The number of poor in India fell by about 415 million between 2005 to 2006 and 2019 to 2021, a ‘historic change’ and demonstration that the Sustainable Development Goal of reducing at least by half the proportion of men, women and children of all ages living in poverty by 2030 is achievable, the U.N. said.
The new Multidimensional Poverty Index (MPI) released on Monday by the United Nations Development Programme (UNDP) and the Oxford Poverty and Human Development Initiative (OPHI) at the University of Oxford said that in India 415 million people exited poverty between 2005 to 2006 and 2019 to 2021.
The U.N. in a press release said that “in India, some 415 million people left multidimensional poverty in a 15-year period – a historic change”.
The report said that based on the 2020 population data for India, it has by far the largest number of poor people worldwide (228.9 million), followed by Nigeria (96.7 million projected in 2020).
“Despite progress, India’s population remains vulnerable to the mounting effects of the Covid-19 pandemic and to rising food and energy prices,” it said.
“Despite tremendous gains, the task of ending poverty for the 228.9 million poor people in 2019 to 2021 is daunting, especially as the number has nearly certainly risen since the data were collected.” There were still 97 million poor children in India in 2019 to 2021, more than the total number of poor people, children and adults combined, in any other country covered by the global MPI.
Yet, “these multi-pronged policy approaches show that integrated interventions can improve the lives of millions of people”, the report said.
The poorest states and groups in India (children, lower castes and those living in rural areas) reduced poverty the fastest in absolute terms, although the data do not reflect post-pandemic changes, the report said. The report said across 111 countries, 1.2 billion people, or 19.1per cent, live in acute multi-dimensional poverty. Half of these people, 593 million, are children under the age of 18.
The analysis looks at the most common deprivation profiles across 111 developing countries. The most common profile, affecting 3.9 per cent of poor people, includes deprivation in four indicators: nutrition, cooking fuel, sanitation and housing.
More than 45.5 million people are deprived in only these four indicators. Of those, 34.4 million live in India, 2.1 million in Bangladesh and 1.9 million in Pakistan, it said. The report said the reduction in Multidimensional Poverty Index (MPI) value in India was swift across the two most recent periods. Of the nearly 415 million people who exited poverty in India in the 15 years prior to the pandemic, roughly 275 million did so between 2005 to 2006 and 2015 to 2016 and 140 million between 2015 to 2016 and 2019 to 2021. The country’s MPI value and incidence of poverty were both more than halved. “India’s progress shows that this goal is feasible, even at a large scale,” the report said. The report noted that the effects of the Covid-19 pandemic on poverty in India cannot be fully assessed because 71 per cent of the data from the 2019 to 2021 Demographic and Health Survey for the country were collected before the pandemic. The 2019 to 2021 data show that about 16.4 per cent of India’s population lives in poverty, with an average intensity of 42 per cent
About 4.2 per cent live in severe poverty.

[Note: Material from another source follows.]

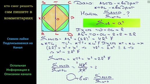 Геометрия Во сколько раз площадь квадрата, описанного около окружности больше площади квадрата, вписанного в эту окружность

About 18.7 per cent, roughly the same proportion as in 2015 to 2016, are vulnerable to poverty because their deprivation score ranges from 20 per cent to 33 per cent Two-thirds of these people live in a household in which at least one person is deprived of nutrition, a “worrying statistic”, it said.
The percentage of people who are poor is 21.2 per cent in rural areas compared with 5.5per cent in urban areas. Rural areas account for nearly 90 per cent of poor people: 205 million of the nearly 229 million poor people live in rural areas, making them a clear priority. In relative terms, the poorest states have not caught up. Of the 10 poorest states in 2015 to 2016, only one (West Bengal) was not among the 10 poorest in 2019 to 2021. The rest, Bihar, Jharkhand, Meghalaya, MP, UP, Assam, Odisha, Chhattisgarh and Rajasthan, remained among the poorest.